Nor did I conclude, contrary to Schwartz’s implication, that his mediums were using cold reading. I did observe — and I specifically emphasized that this was a subjective opinion — that I could see little difference between the utterings of his mediums and those of the typical psychic reader. I want to emphasize again, it is not for me, or other critics, to show that his mediums are using cold reading or some other ploys. The burden of proof is on Schwartz to show that he has convincingly eliminated such possibilities.
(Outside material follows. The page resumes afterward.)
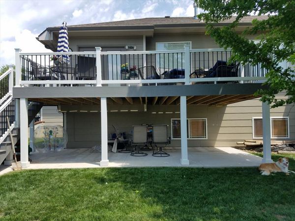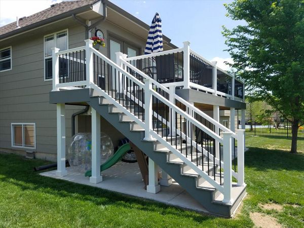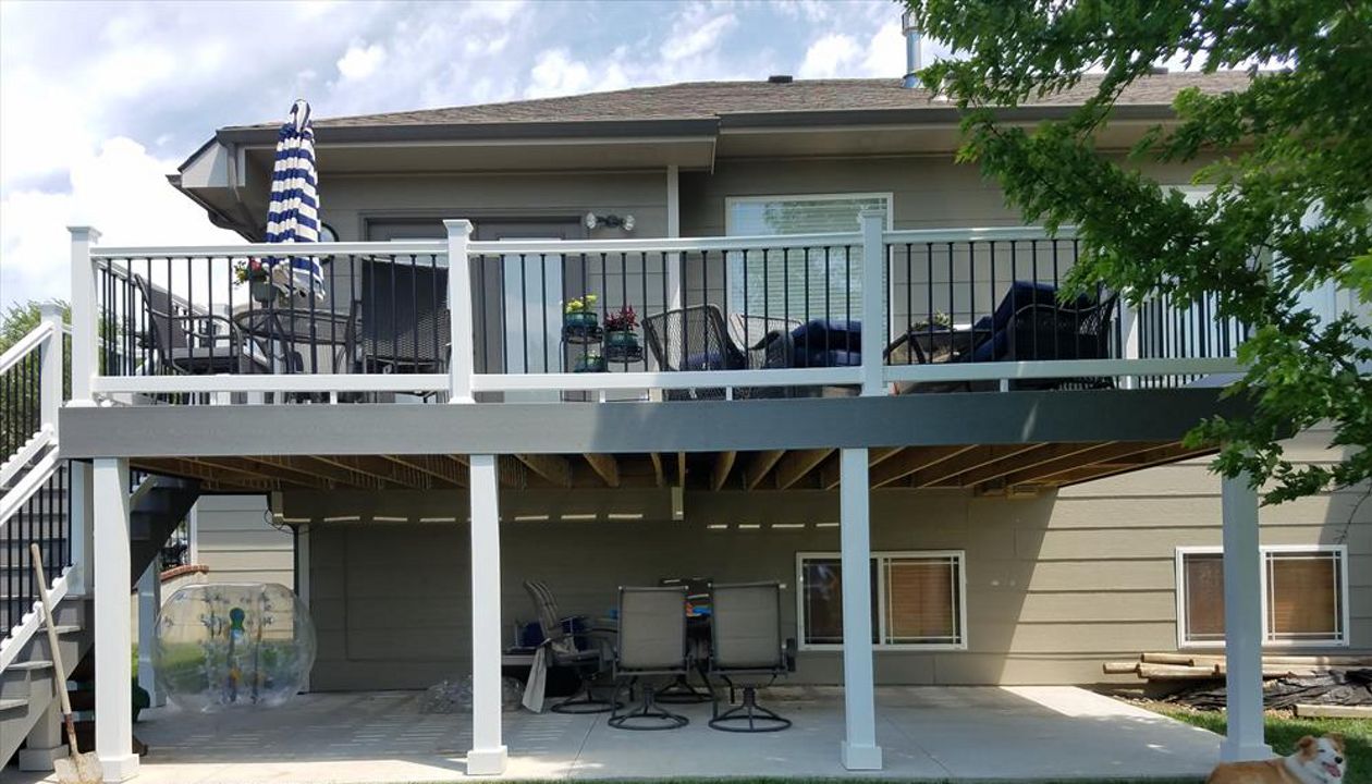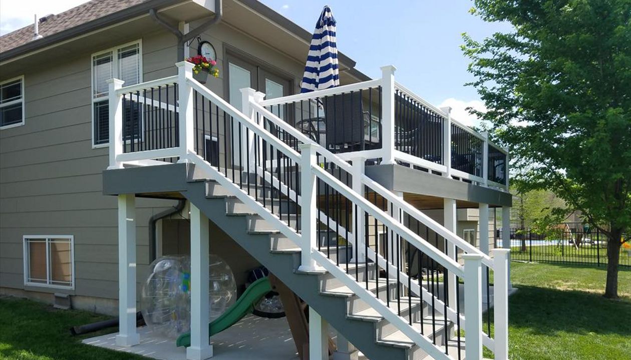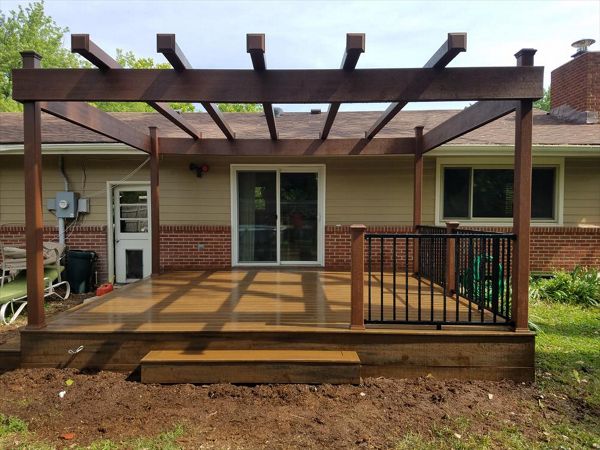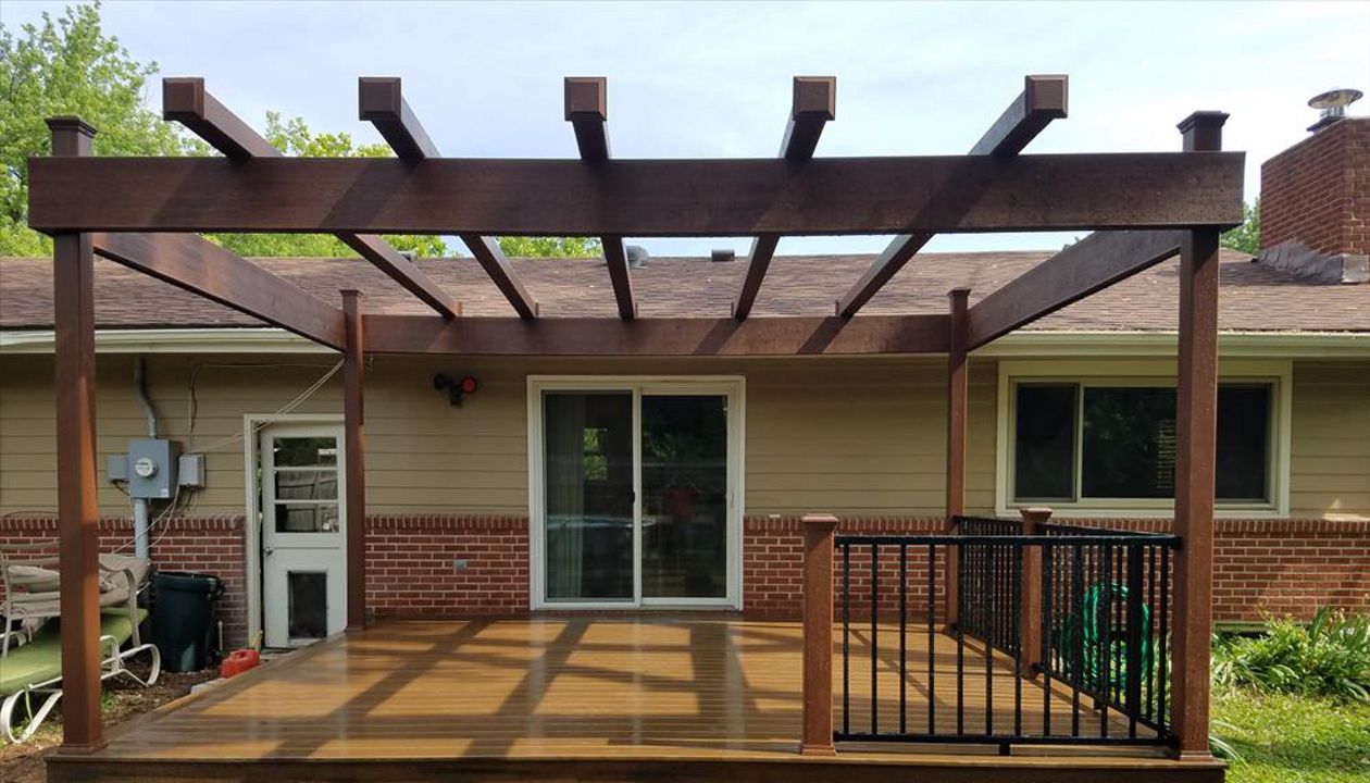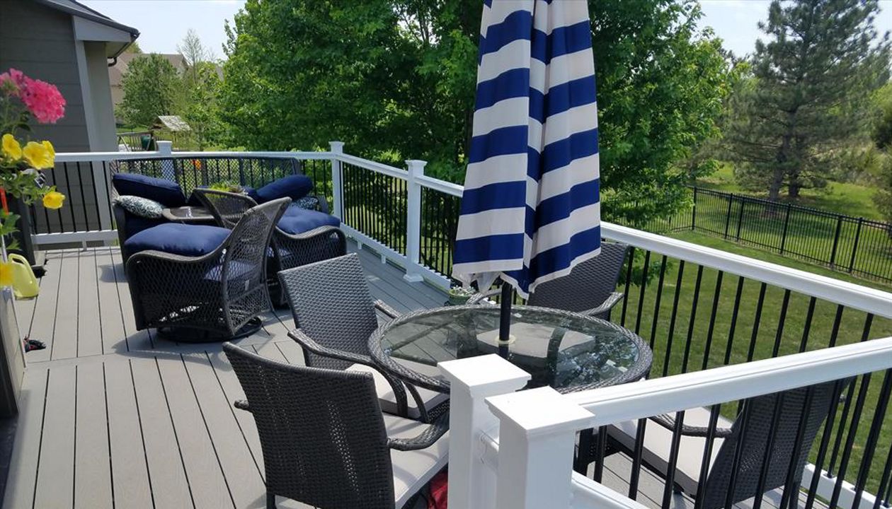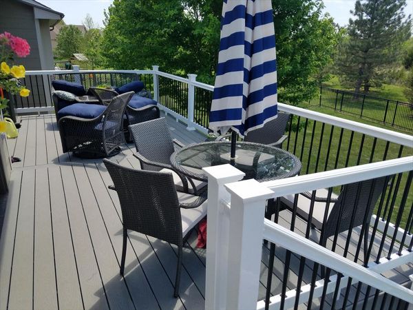 Trex Transcend Spiced Rum decking with Charcoal Black Signature aluminum railing with Tree House Post Sleeves in Wichita, KS

So far as I can tell, Schwartz has really not answered my criticisms. A close reading reveals that he does not deny the various failings I have divulged in his research. Instead, he defends the departures from proper experimental methodology on a number of grounds: 1) he and his colleagues were aware of these defects and actually admitted so in their reports (but such admissions do not somehow neutralize the defects); 2) there were practical reasons such as wanting to provide a more naturalistic context (but this does not excuse using inappropriate control comparisons, failing to correct for rater bias, using inappropriate probability and statistical computations, etc.); 3) some of the "defects" were deliberately included to check on certain questions (but this does not justify drawing strong conclusions); and 4) that taken in their totality the experiments somehow provide powerful evidence for anomalous communication even if the individual experiments are flawed (actually, repeatedly making similar mistakes from experiment to experiment compounds rather than compensates for the errors).
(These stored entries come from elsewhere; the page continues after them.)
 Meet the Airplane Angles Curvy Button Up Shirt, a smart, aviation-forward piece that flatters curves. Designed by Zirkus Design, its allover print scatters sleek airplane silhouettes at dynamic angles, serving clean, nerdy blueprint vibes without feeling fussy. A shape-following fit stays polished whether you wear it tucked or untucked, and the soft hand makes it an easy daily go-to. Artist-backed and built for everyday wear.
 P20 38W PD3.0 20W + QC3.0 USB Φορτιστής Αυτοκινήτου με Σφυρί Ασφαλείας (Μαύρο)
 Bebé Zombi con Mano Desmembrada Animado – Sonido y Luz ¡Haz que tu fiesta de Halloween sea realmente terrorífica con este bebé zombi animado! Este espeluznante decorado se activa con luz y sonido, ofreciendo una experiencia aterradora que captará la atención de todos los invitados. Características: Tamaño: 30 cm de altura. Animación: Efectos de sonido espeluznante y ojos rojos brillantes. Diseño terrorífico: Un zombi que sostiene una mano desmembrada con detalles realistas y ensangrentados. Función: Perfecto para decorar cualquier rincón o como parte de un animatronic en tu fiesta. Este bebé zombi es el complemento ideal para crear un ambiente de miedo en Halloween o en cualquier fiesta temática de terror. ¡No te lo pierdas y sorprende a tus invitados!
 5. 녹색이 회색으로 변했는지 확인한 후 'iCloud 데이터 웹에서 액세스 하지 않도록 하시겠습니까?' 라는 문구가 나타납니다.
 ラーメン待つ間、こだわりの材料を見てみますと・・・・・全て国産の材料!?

Despite the deficiencies in his experiments, Schwartz seems convinced that his mediums have provided, in some cases, specific and unique information including names, places, etc., that the critics cannot explain away. For one thing, these apparently specific items are much fuzzier than he believes. His examples are selected just because they appeared to contain such specifics. This raises the difficult question of how to actually assess how much of this is just coincidence. Furthermore, even the most specific and concrete match is problematical because practically no constraints are placed upon the sitter in finding a suitable match (e.g., it can be a dead or a living person; it can be someone close to the sitter or a mere acquaintance; etc.). No actual check is made as to how close the match actually is. My point here is that Schwartz really has provided us with nothing to explain. We do not know if he has produced anything worth taking seriously until he can convincingly demonstrate that he has obtained his data under methodologically appropriate conditions. Science demands this in the conventional fields of inquiry. We should demand no less from Schwartz.

Ray Hyman

Ray Hyman is professor emeritus of psychology, University of Oregon.